His father, Maurus de Celico (whose family name is said to have been Tabellione), a notary holding high office under the Norman kings of Sicily, placed him at an early age in the royal Court. While on a pilgrimage to the Holy Land, Joachim was converted from the world by the sight of some great calamity (perhaps an outbreak of pestilence). He passed the whole of Lent in contemplation on Mount Thabor, where he is said to have received celestial illumination for the work of his life. Returning to Italy, he retired to the Cistercian Abbey of Sambucina, probably in 1159, and for some years devoted himself to lay preaching, without taking the religious habit or receiving any orders. The ecclesiastical authorities raising objections to his mode of life, he took the Cistercian habit in the Abbey of Corazzo, and was ordained priest, apparently in 1168. He now applied himself entirely to Biblical study, with a special view to the interpretation of the hidden meaning of the Scriptures. A few years later, much against his will, he was elected abbot. Finding the duties of his office an intolerable hindrance to what he deemed his higher calling, he appealed, in 1182, to Pope Lucius III, who relieved him of the temporal care of his abbey, and warmly approved of his work, bidding him continue it in whatever monastery he thought best. He spent the following year and a half at the Abbey of Casamari, engaged upon his three great books, and there a young monk, Lucas (afterwards Archbishop of Cosenza ), who acted as his secretary, tells us of his amazement at seeing so famous and eloquent a man wearing such rags, and of the wonderful devotion with which he preached and said Mass.

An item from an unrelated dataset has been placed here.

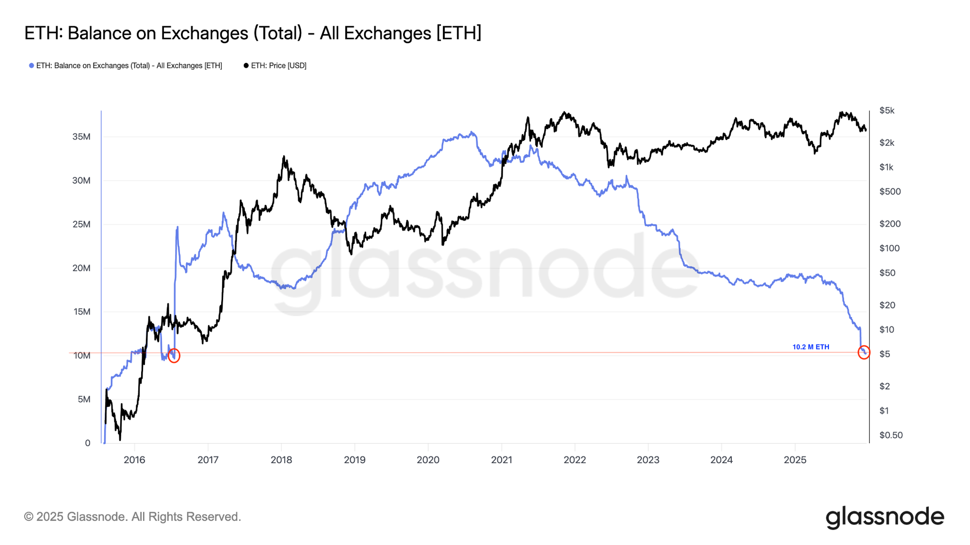Запасы ETH на биржах снизились на 45% до девятилетнего минимума в 10.2 миллиона ETH в воскресенье с 18.5 миллиона ETH 1 июля.

The papal approbation was confirmed by Urban III, in 1185, and again, more conditionally, by Clement III, in 1187, the latter exhorting him to make no delay in completing his work and submitting it to the judgment of the Holy See. Joachim now retired to the hermitage of Pietralata, and finally founded the Abbey of Fiore (or Flora) among the Calabrian mountains, which became the center of a new and stricter branch of the Cistercian Order approved by Celestine III in 1198. In 1200 Joachim publicly submitted all his writings to the examination of Innocent III, but died before any judgment was passed. It was held to be in answer to his prayers that he died on Holy Saturday, "the Saturday on which Sitivit is sung, attaining the true Sabbath, even as the hart panteth after the fountains of waters." The holiness of his life is unquestionable; miracles were said to have been wrought at his tomb, and, though never officially beatified, he is still venerated as a beatus on 29 May.

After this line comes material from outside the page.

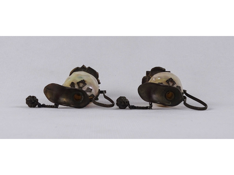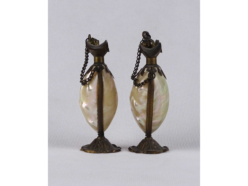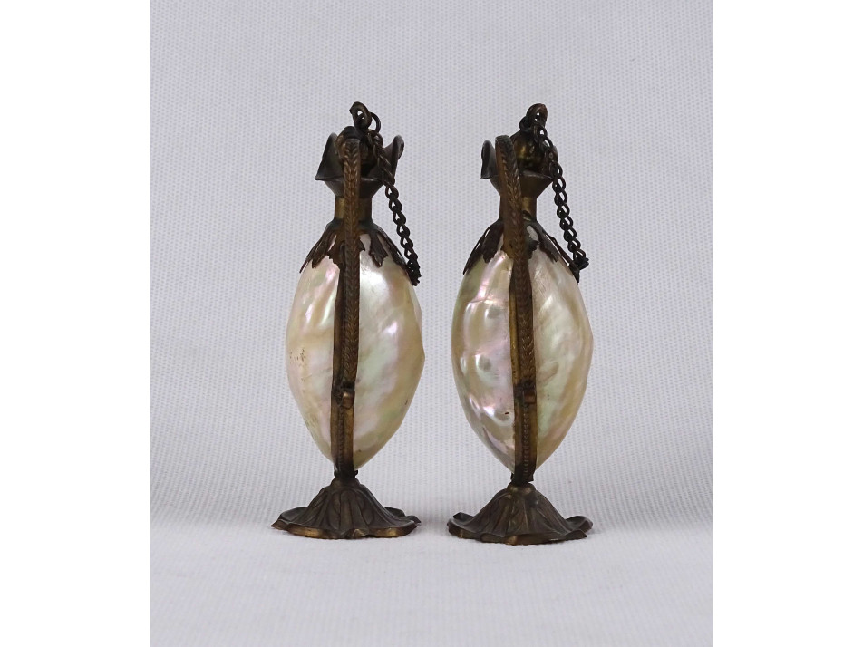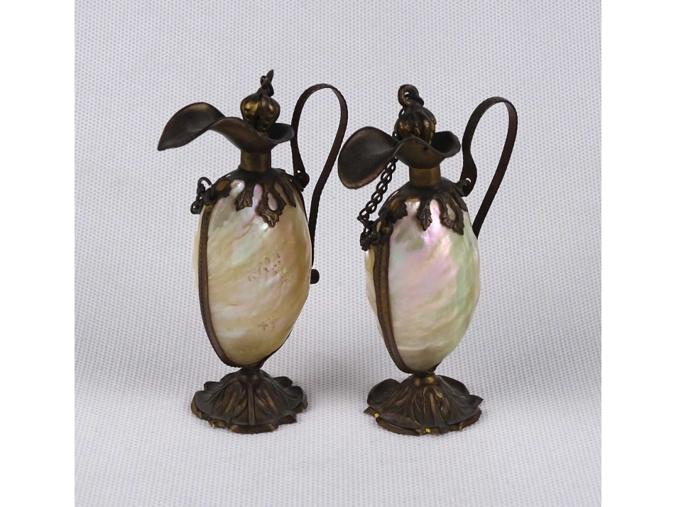 Régi kisméretű olajos ecetes kiöntő pár. Különleges kialakítású, a gyöngyházból készült testet préselt lemezrátét foglalat tartja egyben. Dísztárgy, valódi használatra nem alkalmas.

Dante voiced the general opinion of his age in declaring Joachim one "endowed with prophetic spirit." But he himself always disclaimed the title of prophet. The interpretation of Scriptural prophecy, with reference to the history and the future of the Church, is the main theme of his three chief works: "Liber Concordiae Novi ac Veteris Testamenti," "Expositio in Apocalipsim," and "Psalterium Decem Cordarum." The mystical basis of his teaching is the doctrine of the "Eternal Gospel," founded on a strained interpretation of the text in the Apocalypse (xiv, 6). There are three states of the world, corresponding to the three Persons of the Blessed Trinity. In the first age the Father ruled, representing power and inspiring fear, to which the Old Testament dispensation corresponds; then the wisdom hidden through the ages was revealed in the Son, and we have the Catholic Church of the New Testament ; a third period will come, the Kingdom of the Holy Spirit , a new dispensation of universal love, which will proceed from the Gospel of Christ, but transcend the letter of it, and in which there will be no need for disciplinary institutions. Joachim held that the second period was drawing to a close, and that the third epoch (already in part anticipated by St. Benedict) would actually begin after some great cataclysm which he tentatively calculated would befall in 1260. After this Latins and Greeks would be united in the new spiritual kingdom, freed alike from the fetters of the letter; the Jews would be converted, and the "Eternal Gospel" abide until the end of the world.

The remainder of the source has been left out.